Tuesday, May 21, 2013

Patience, Prudence, Caring, and the Zone

It can take you many years to establish a great reputation - such treasure is not created overnight - but that same reputation can be destroyed in seconds.

We may wish those numbers were reversed and yet that is not the way life operates.

An account of the early life of Winston Churchill described him as a young man in a hurry. Churchill's dedication to his advancement was no small thing but he did not become prime minister until he was 65 and even that was a close call. [I'm appallingly behind with my own career schedule and may be an overnight success at 80.]

Consider the impact on the world, however, if Churchill had decided to pack it in after the Gallipoli disaster and write books.
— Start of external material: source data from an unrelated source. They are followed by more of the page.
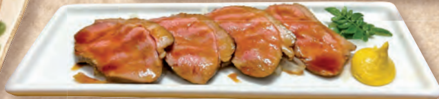
[合鴨冷製治部煮(ハーフ)]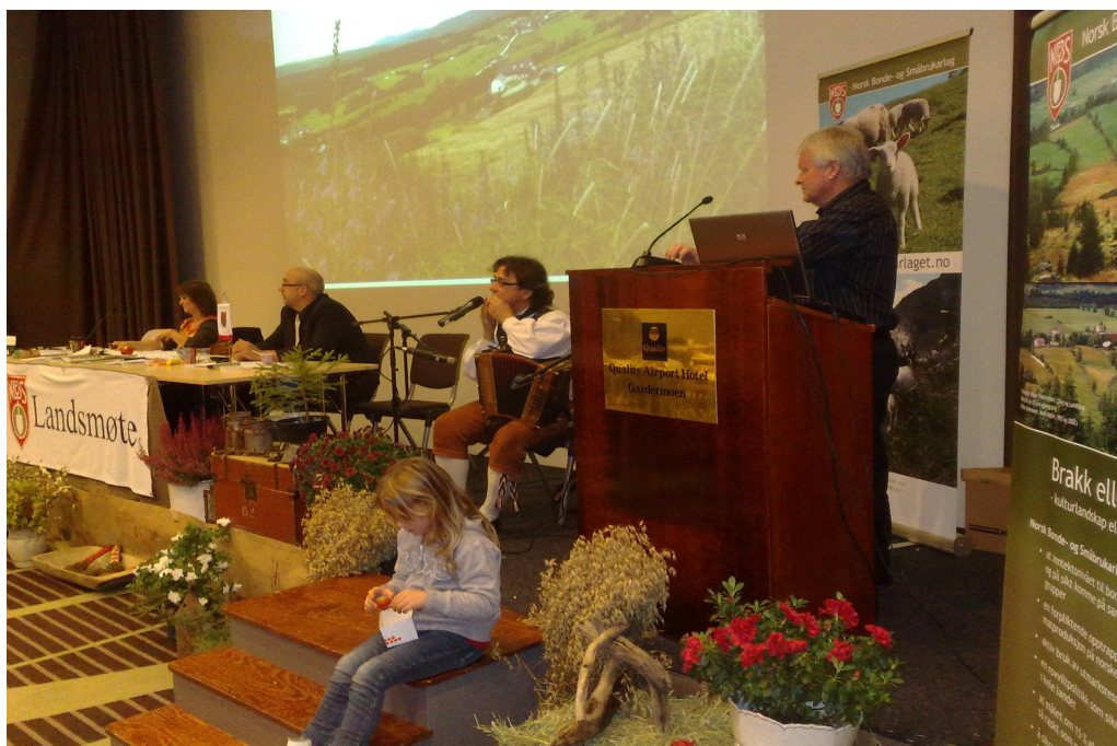
Bilde er fra åpningen av landsmøte i NBS.

Elles deltok vi med Honning som “Smaken fra fylket” og lokalproduserte produkter fra fylket. Vi stod også for pynting av landsmøte salen og fikk hjelp fra skolebarn fra Sørkedalen med fine tegninger.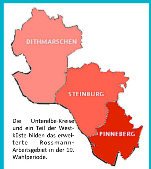
Die Untereibe-Kreise und ein Teil der Westküste bilden das erweiterte Rossmann-Arbeitsgebiet in der 19. Wahlperiode.

Im Team des Bundestagsabgeordneten wird sich in erster Linie die wissenschaftli-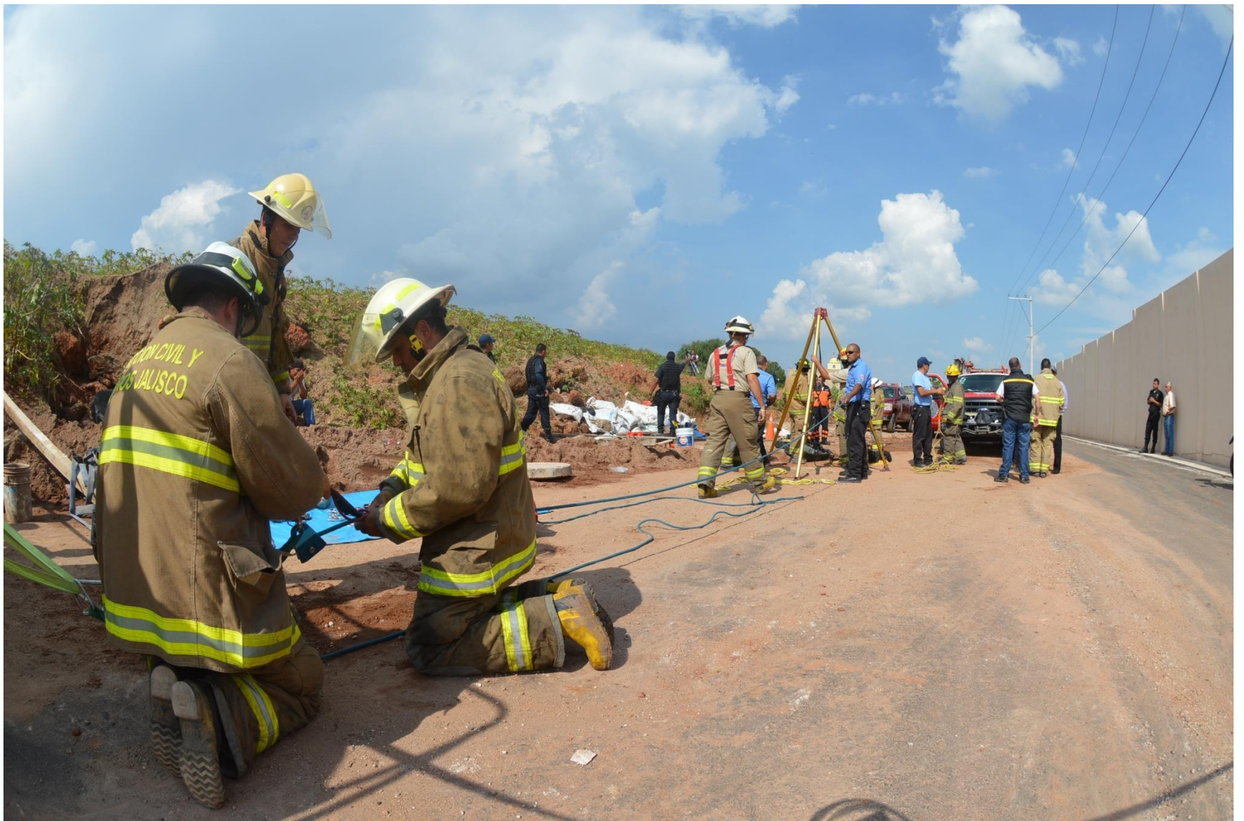
Rescate de personas atrapadas en espacio confinado en zona rural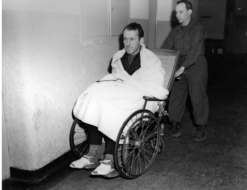
Kaltenbrunner-i në spitalin e Gjykatës së krimeve të Luftës, Nürenberg.

informoheshin nga njerëzit e besuar, pra agjentët, për aktivitetet politike të qytetarëve. Këto organe represive arritën që brenda një kohe të shkurtër të mbillnin psikozën e frikës dhe pasigurisë dhe të thyenin kësisoj qëndresën e brendshme të popullit gjerman.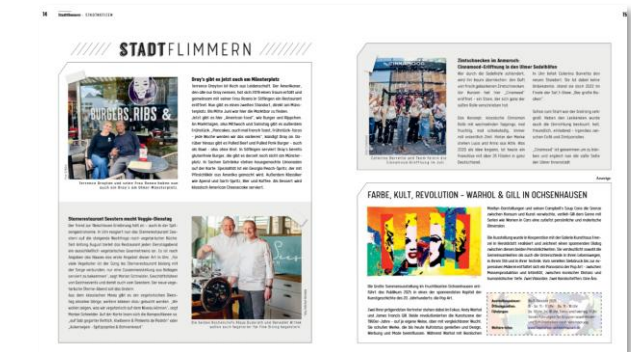
News und Tipps bietet „Stadtflimmern“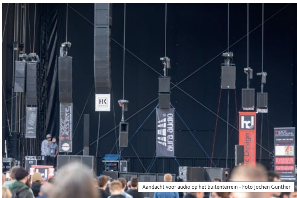
Aandacht voor audio op het buitenterrein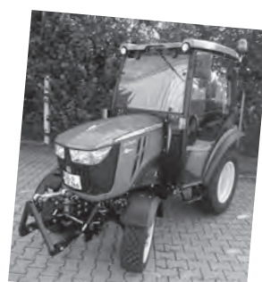
Neuer Kommunaltraktor für die Kläranlage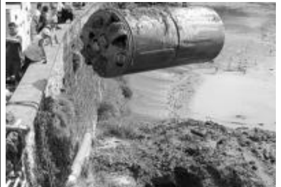
Makina mikrotuneladora urretatik atera zeneko unea. HITZA

Lumagorri elkarteak Euskal Autonomia Erkidegoko 50 ekoizlekin osatzen dute.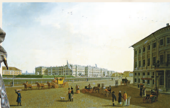
▲從涅夫斯基大街看冬宮（布面油畫），約一八〇〇年，本杰明·帕特森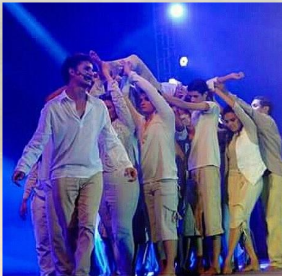
Abraço (2016) Teatro Nadir Papi Saboya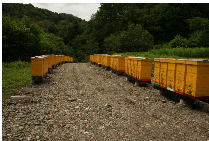
Slika 4: Otvoreni pčelinjak

Otvoreni pčelinjaci. Kod ove vrste pčelinjaka košnice su pojedinačno ili u grupama, postavljene na otvorenom prostoru (Slika 4.).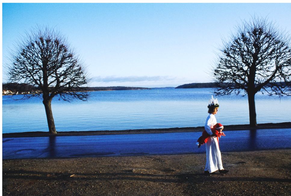
Den sv. Lucie, Švédsko

V roce 1999 připravoval Tomaszewski reportáž o Švédsku. Myslel na atraktivitu sbíraného materiálu, a proto se snažil fotit tak, aby bylo možno z každé záležitosti vytvořit dílčí příběh. Tak vznikaly rozsáhlé eseje o velkých lodích – trajektech coby plovoucích městech, přístavech, loděnicích. Vědom si vztahu Švédů k odpadkům, rozhodl se navštívit smetiště a podívat se, jak s odpady nakládají. Velmi rád využíval privilegia, která mu přinášela novinářská průkazka NG . Mohl si tak dovolit zavolat kapitánovi lodi a požádat ho, aby zpomalil loď při projíždění kolem malého ostrůvku, aby se mu tak lépe povedlo místo vyfotit. Kapitán mu velmi rád vyhověl a pomohl mu. Za nějaký čas zjistil, že materiál, o kterém si myslel, že je bezvýznamný, byl často využíván mnoha listy, protože svět velmi zajímalo vše o Švédsku a agentura Visum, která ho zastupovala, chtěla další a další fotografie.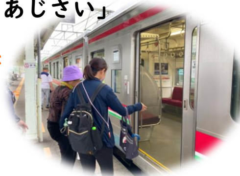
認知症希望大使の活動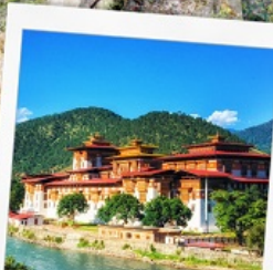
พูนาคาซอง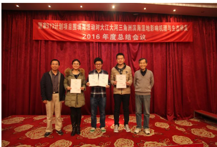
博士研究生论坛颁奖仪式（二等奖）

We'd probably be speaking German right now. Many of us wouldn't be around at all.  

Patience and prudence should be blended with caring. By that, I mean the wisdom to know what to care about, what not to care about, and the depth of each. Many of us spend way too much time fretting about things which, in retrospect, seem minor. A large portion of those worries involves matters over which we have little or no control. I have written earlier about the importance of having a zone of indifference. It is vital to care, but unless you develop such a zone, the world will drive you to despair.

The zone of indifference should be linked to similar zones of patience and prudence. Each filter enables you to function far more effectively and protects against the evils of impatience and indiscretion.

"But not to excess" should be on the prescription label of all of our virtues.